Keywords: deep learning, transformer, metric learning, 1-D convolution, hyperspectral image classification, remote sensing

1. Introduction

Hyperspectral image (HSI) classification is a focus point in remote sensing because of its many uses across fields, such as change area detection [1], land-use classification [2,3], and environmental protection [4]. However, because of redundant spectral band information, large data size, and a limited number of training samples, the pixel-wise classification of the hyperspectral image remains a formidable challenge.

Deep learning (DL) has become extremely popular because of its ability to extract features from raw data. It has been applied in computer vision tasks, such as image classification [5,6,7,8], object detection [9], semantic segmentation [10], and facial recognition [11]. As a classical visual classification task, HSI classification has also been influenced by DL. For example, Chen et al. [12] proposed a stacked autoencoder for feature extraction. Ma et al. [13] introduced an updated deep auto-encoder to extract spectral–spatial features. Zhang et al. [14], adopted a recursive autoencoder (RAE) as a high-level feature extractor to produce feature maps from the target pixel neighborhoods. Chen et al. [15], combined deep belief network (DBN) and restricted Boltzmann machine (RBM) for hyperspectral image classification.

However, these methods extract the features with destroying the initial spatial structure. Because convolutional neural networks (CNNs) can extract spatial features without destroying the original structure, new methods based on CNNs have been introduced. For example, Chen et al. [16] designed a novel 3-D-CNN model with regularization for HSI classification. Roy et al. [17] proposed a hybrid 3-D and 2-D model for HSI classification.

In addition to modifying the CNN structure, deep metric learning (DML) has been applied to improve CNN classification performance. The metric learning loss term was introduced to the CNN objective function to enhance the model’s discriminative power. Cheng et al. [18] designed a DML method based on existing CNN models for remote sensing image classification. Guo et al. [19] proposed a DML framework for HSI spectral–spatial feature extraction and classification.

Recently, another deep learning model, the transformer, has been applied for computer vision tasks. In Reference [20], transformers were proposed for machine translation and became the state-of-art model in many natural language processing (NLP) tasks. In Reference [21], the transformer network’s direct application, Vision Transformer, to image recognition was explored.

In this paper, inspired by the Vision Transformer, we propose a lightweight network based on the transformer for hyperspectral image classification. The main contributions of the paper are described below.

(1) First, the key part of our proposed model is the transformer encoder. The transformer encoder does not use convolution operations, requiring much less GPU memory and fewer trainable parameters than the convolutional neural network. The 1-D convolution layer in our model serves as the projection layer to get the embedding of each sequence.
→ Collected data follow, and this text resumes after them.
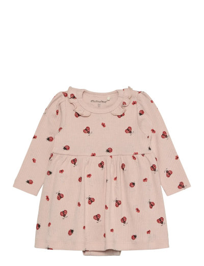Long-sleeved dress from Minymo. The dress features an all-over print. The collar is decorated with a frill. The dress has an integrated bodysuit. It is made of 100% cotton. Certified acc. to GOTS - organic CERES-0366 Certified acc. to OEKO-TEX® STANDARD 100 Cert. No. 2276-364 DTI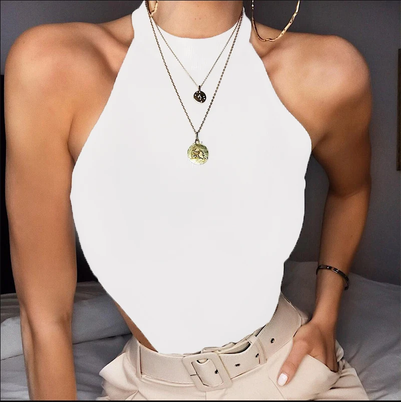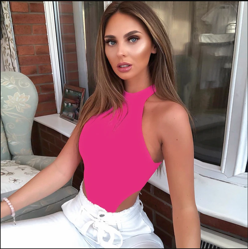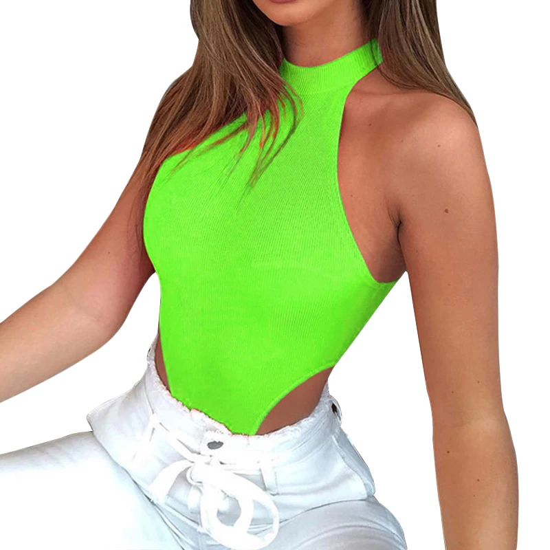 Женское облегающее Боди без рукавов, однотонное ФЛУОРЕСЦЕНТНОЕ облегающее Клубное модное боди с лямкой на шее, трико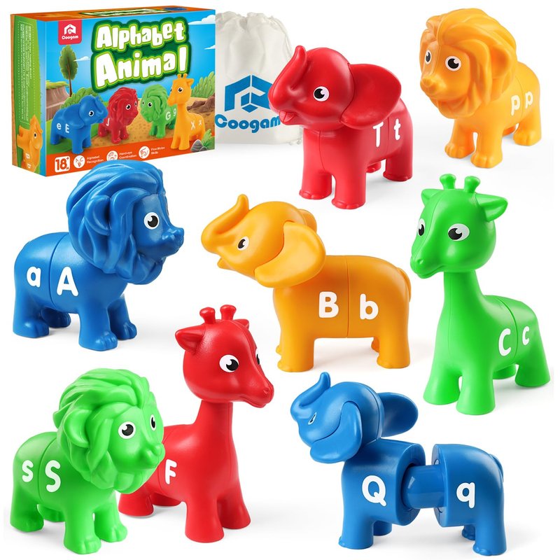 - Alphabet Learning and Matching Set: The Coogam animal alphabet matching set comes with 26 letters on 26 colorful animals (lion, elephant, giraffe). Each animal has two pairs of letters in both uppercase and lowercase. Cute alphabet animals are easy to put together, mix, match and store with a portable draw-string bag.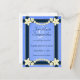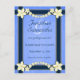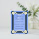 © Sunny Mars Designs. Cartes de Faire-Part de Mariage à l'or Rustique – Cette carte personnalisable de faire-part de mariage rustique élégant bleu avec un motif floral doré présente une illustration d'une bordure de ruban bleu foncé avec des fleurs blanches modernes sur un fond de papier parchemin vieux bleu clair.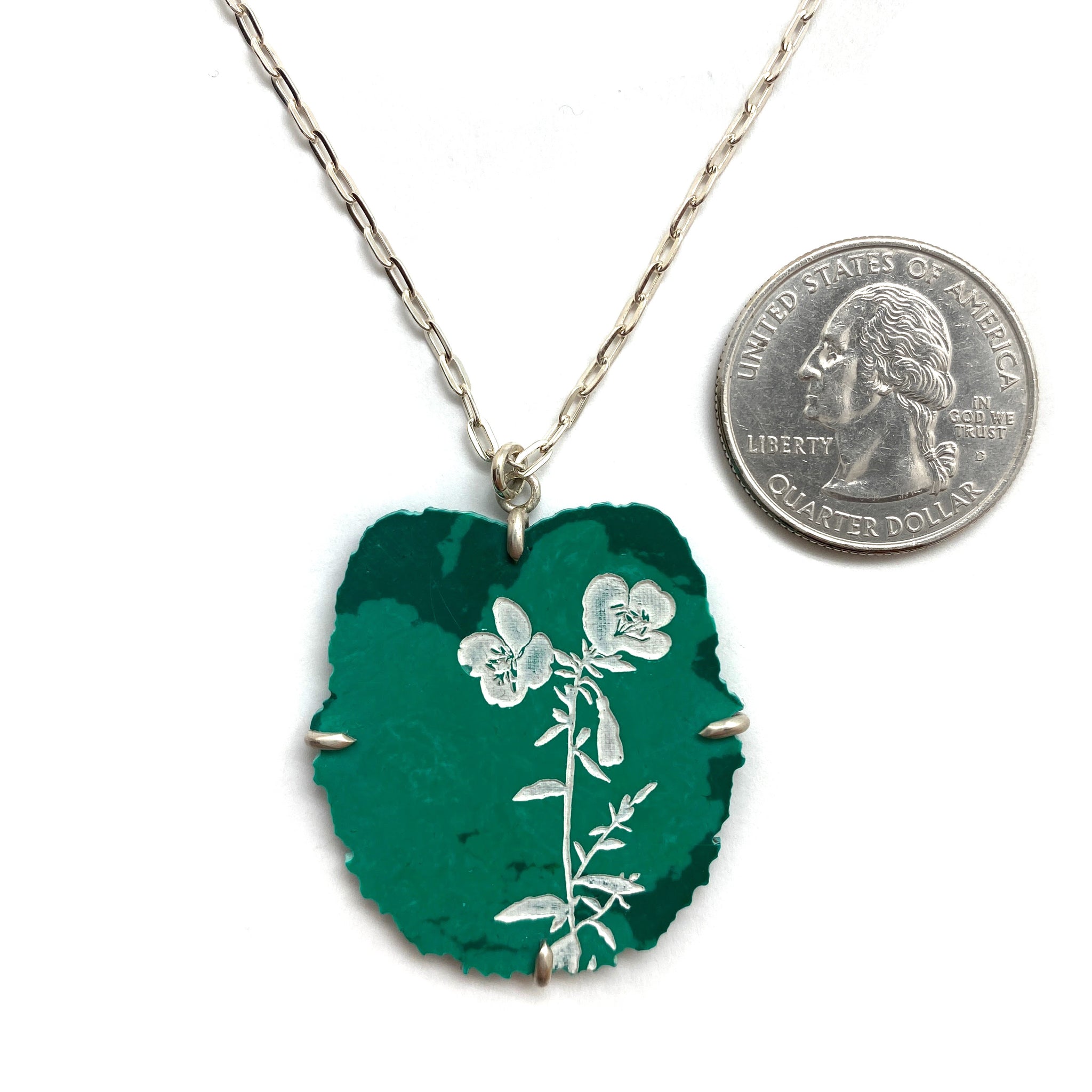 Suspended from a bright sterling silver chain sways an ethically sourced green malachite. Finished with Kelly Jean Conroy's signature floral etchings, this necklace will pop with even the simplest of outfits.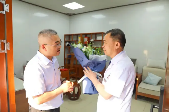 喜迎医师节,慰问暖人心。为传递党和国家对医务工作者的关心关爱,在全社会推动广泛形成尊医重卫的良好氛围,8月18日上午,两江新区中医院党委委员、副院长王心玉,党委委员、副院长许毅,深入一线,来到全院各医药技科室、社区卫生服务中心及护理院开展医师节慰问活动,向他们送上鲜花和慰问品,并致以节日的祝福。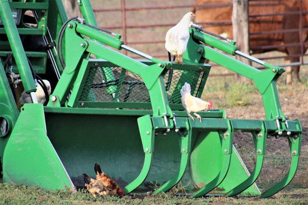 If you ever want to be the center of attention, walk past a group of cows. Their heads follow you in unison as you stroll by. It’s not fear, not looking for food, just pure curiosity. The horses were only semi-interested in us, the chickens just want to play on the farm equipment, and guinea hens are in a world of their own.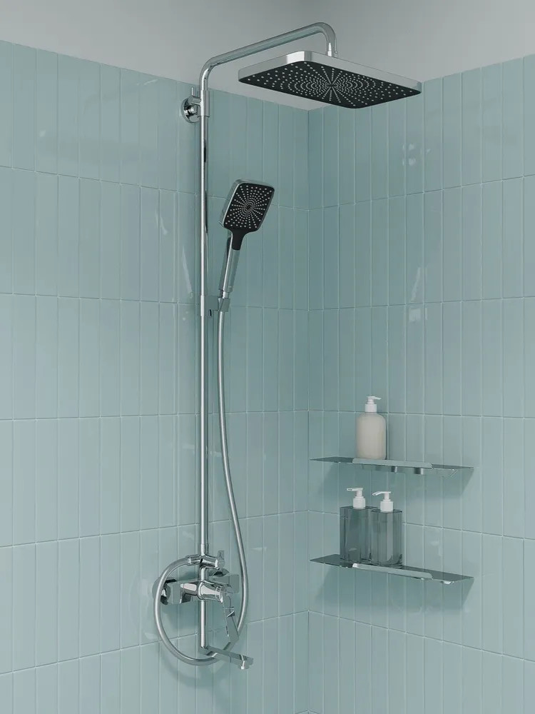 Хромированная душевая система Parker с большим тропическим душем – практичная и стильная, ее дизайн сочетает в себе трендовый минимализм форм и четкие грани. Ручка изящно смотрит вверх под углом, освобождая под собой место для более удобного захвата. Необычный рисунок из форсунок на лейках в виде паутинки превращает душевую систему в красивый акцент ванной.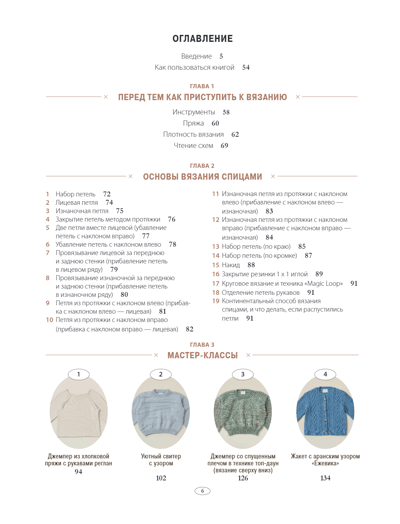 - Иллюстрированная глава с основами вязания на спицах и видеоуроками;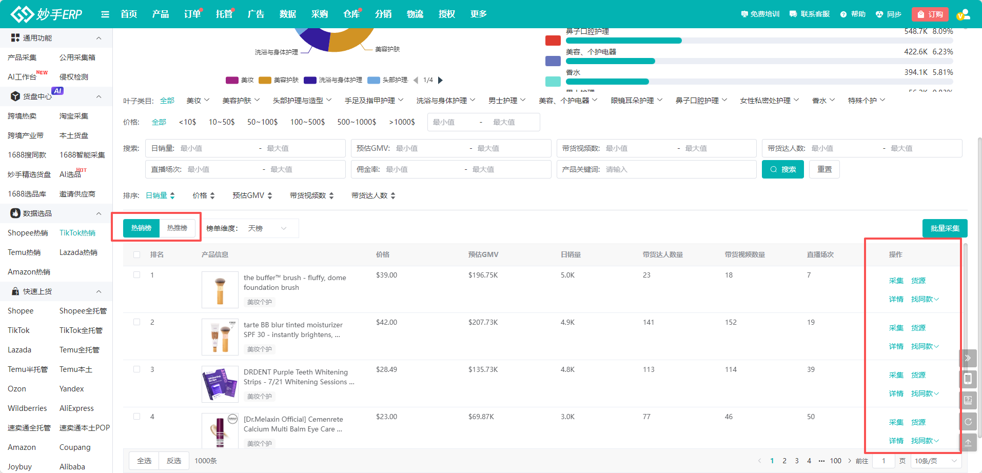 (3)同样可以查看本类目中的热销榜和热推榜单,并且支持采集、查看详情和找货源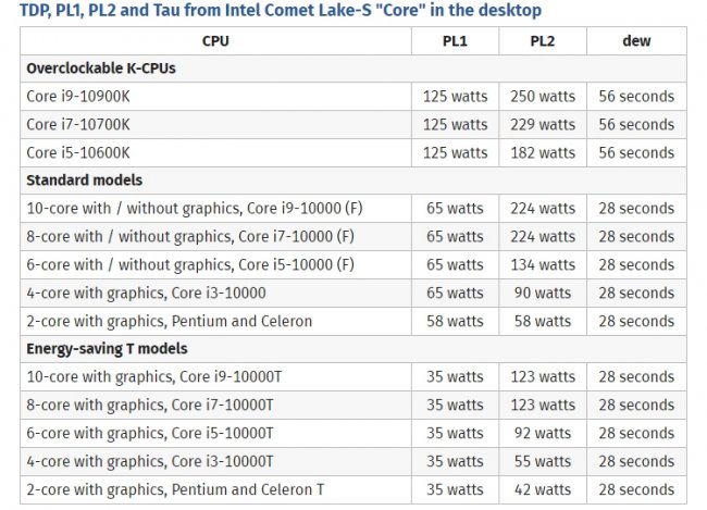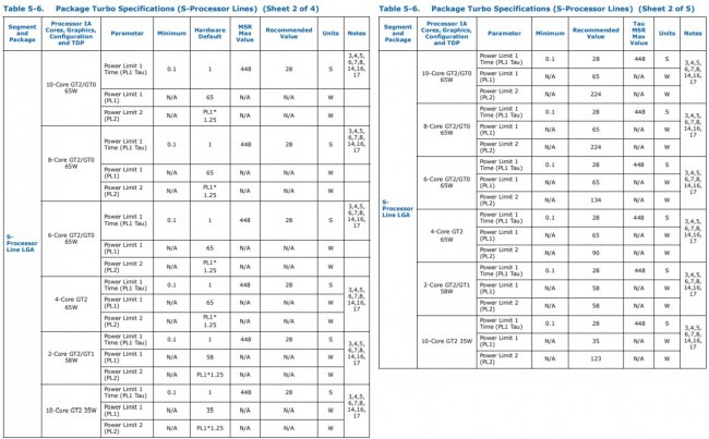 Как можно заметить, изменениям подверглись все таблицы, в которых Intel указывала пределы PL1 и PL2 для представителей настольного семейства Comet Lake-S.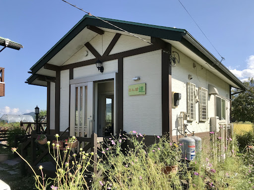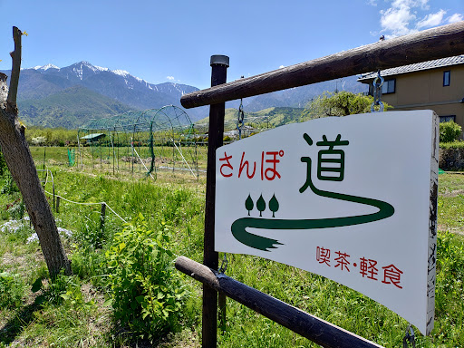 Read more美しい田園風景を眺めながらお茶をするならここ、さんぽ道。5年前にオープンした可愛いお店です。駐車場は2台。店内はテーブル席が3つ、カウンター席は実質2〜3人程度。南から東に視界が開けたテラスにもテーブルが3つ備えられています。テラスのすぐ前が田圃で、南アルプス地蔵岳を背景に白州町横手から武川町柳澤にわたる田園風景が広がります。中でも9月末から10月上旬、収穫を間近に控えた金色の田園は絶景です。この時期、白州、武川界隈は秋桜がそこここに咲き乱れ、さんぽ道もピンクやパープルレッドの花に包まれていました。 お味の方はお値段がリーズナブルでちょっぴりお洒落な家庭料理と言ったところでしょうか。行楽客のいない、何もない午後、美味しいコーヒーを飲みながら、ただただ田園風景を眺める・・・。そんな時間の...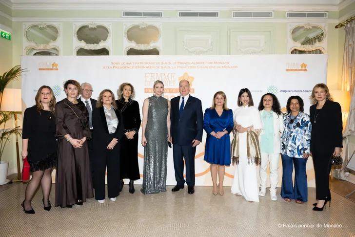 Prinses Charlene was niet aanwezig, maar dat is niet ongebruikelijk. Ze ziet vaak af van het Rose Ball om haar schoonzus daar de leading lady te laten zijn. Charlene neemt op haar beurt later in het jaar het Rode Kruis Bal voor haar rekening, een andere grote society fundraiser. Gisteren was ze nog met Albert bij de Monaco Women Forum Awards, in een grijze Akris - twee gala's achter elkaar is misschien ook wel een beetje véél.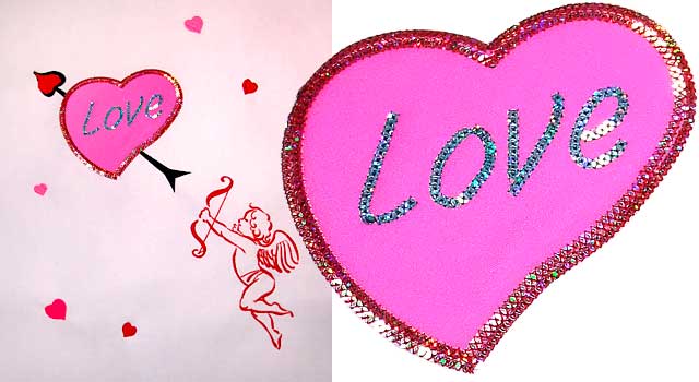 スパンコール刺繍のハート・スパンコール刺繍のLOVEの文字、きれいです。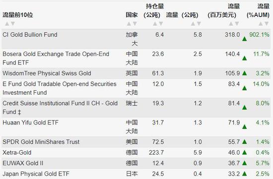 图:截止2021年3月31日全球黄金ETF最高流入情况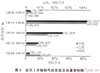 渝頁1井提撈的黑色巖心均為不含地層水的“干層”,即不含地層水(包括束縛水)的含氣層,若將隨機(jī)選取的巖心置于水中,則均將發(fā)生針尖狀氣泡不斷溢出的現(xiàn)象,視為頁巖氣的最直接證據(jù);此外,在鉆進(jìn)過程中,還多次在井筒中發(fā)現(xiàn)了氣泡溢出以及井口空氣中甲烷含量異常等現(xiàn)象,證實(shí)了頁巖中天然氣的直接存在。同時,渝頁1井的16塊樣品現(xiàn)場解析表明,位于281.Om和287.5m井深處樣品的含氣量現(xiàn)場解析值最高,計(jì)算現(xiàn)場解析氣量達(dá)到并超過0.1m3/t(解析持續(xù)時間為6h)??紤]到井筒提心時間較長(4.2h)、損失氣量及殘留氣量較多等原因,再結(jié)合已有解析曲線的比較研究,推測頁巖吸附含氣量大于1.0m3/t。結(jié)合頁巖總含氣量分析原理,初步計(jì)算頁巖總含氣量(吸附氣+游離氣)介于1.0~3.Om3/t之間,視為具有工業(yè)價(jià)值的頁巖氣。進(jìn)一步的色譜分析結(jié)果表明,天然氣樣品中同時含有甲烷和乙烷,在128.23~138.46m和206.75~209.18m井深等樣品中還發(fā)現(xiàn)了丙烷的存在(圖5)。其中,138.13~138.46m井深樣品中的甲烷、乙烷和丙烷含量分別為42.43%、0.42%、0.01%,其余為N2、CO2和O2等大氣成分。解吸樣品中烴類氣體含量的百分比并不高,可能主要反映為解析儀中空氣樣品的殘留或地下風(fēng)化帶中少量空氣成分的進(jìn)入。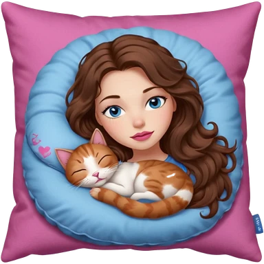 girl with long wavy brown hair, blue eyes, long lashes makeup, sexy pink lips, sleeping on a cozy pillow with 6 cats emoji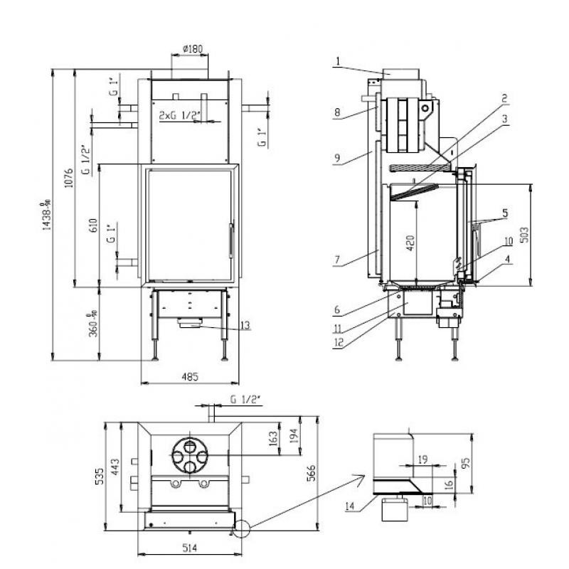 - Каминная топка содержит охлаждающую систему, системой подачи воздуха с улицы, системой очистки стекла, изолированный теплообменник, выбор подставных ножек.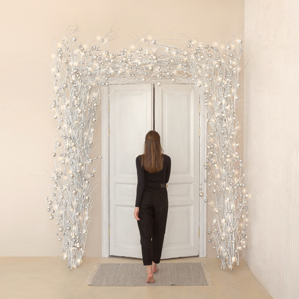 ДЛ85-2(Пр) Декор входной группы зимний с шарами L100см на белых прутьях, пристенный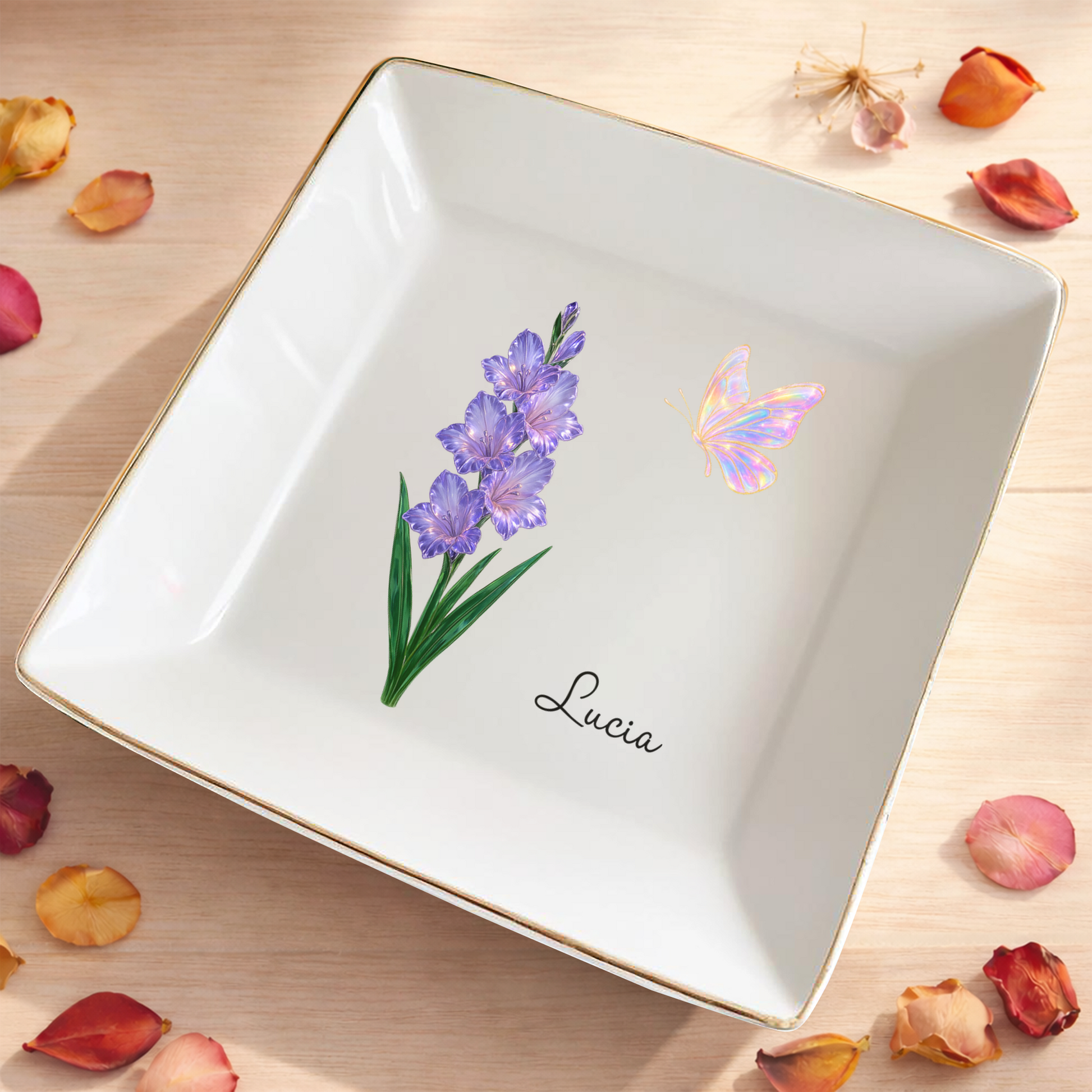 An elegant personalized flower jewelry dish designed to hold precious pieces—and even more precious memories. |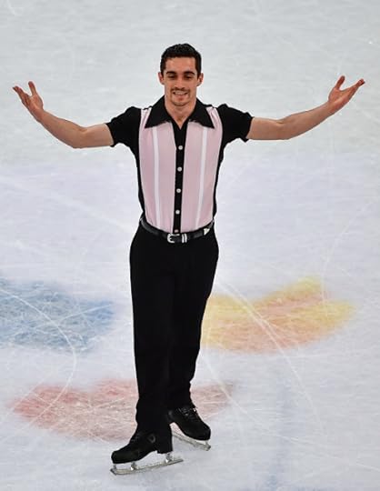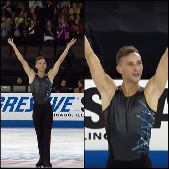 Adam Rippon Free Skate to Arrival of the Birds ("Crimson Wing" soundtrack) by The Cinematic Orchestra, O by Coldplay: For his Free Skate, he wore another semi-sheer top with black pants. Adam has never met a sheer/illusion shirt he didn't love! While yes, this might be a bit repetitive...A) Adam has the .000032% fat-free body to pull it off...and B) this top had sleeves, thank you very much! The music--and his skate--involved birds of sorts, and he showed this beautifully in his choreography. The costume gave "hints" of the feathers, as you can see in the stitched applique work and raw-edged neckline. I loved this and therefore, Adam is on my "Best of 2016-2017 Figure Skating Costumes" List.

(2) Second, to get a better classification performance, we replace the linear projection layers in the traditional vision transformer model for computer vision with the 1-D convolution layer and adopt a new activation function, Mish [22].

(3) Third, we introduce the metric learning mechanism, which makes the transformer model more discriminative. We believe the present study is the first to combine the metric learning and the transformer model in hyperspectral image classification.

The rest of this article is organized as follows. Section 2 introduces the proposed framework. The experimental results and analysis of different methods are provided in Section 3 and Section 4. Finally, Section 5 presents the conclusions.

2. Methods

The overall architecture of our proposed model is demonstrated in Figure 1. Firstly, we split the input image into fixed-size patches and reshaped them into 1-D sequences. Next, we use a 1-D convolution layer to get the embedding of each sequence. The embedding of the central sequence will be supervised by center loss. After adding the position embedding to the sequence, the sequences will be fed to a standard two-layer Transformer encoder. The fully connected layers will handle the result. The fully connected layers consist of a layernorm layer, several fully connected layers, and Mish activation function. The output is the classification result.

Figure 1.

Figure 1

The overall architecture of our proposed model.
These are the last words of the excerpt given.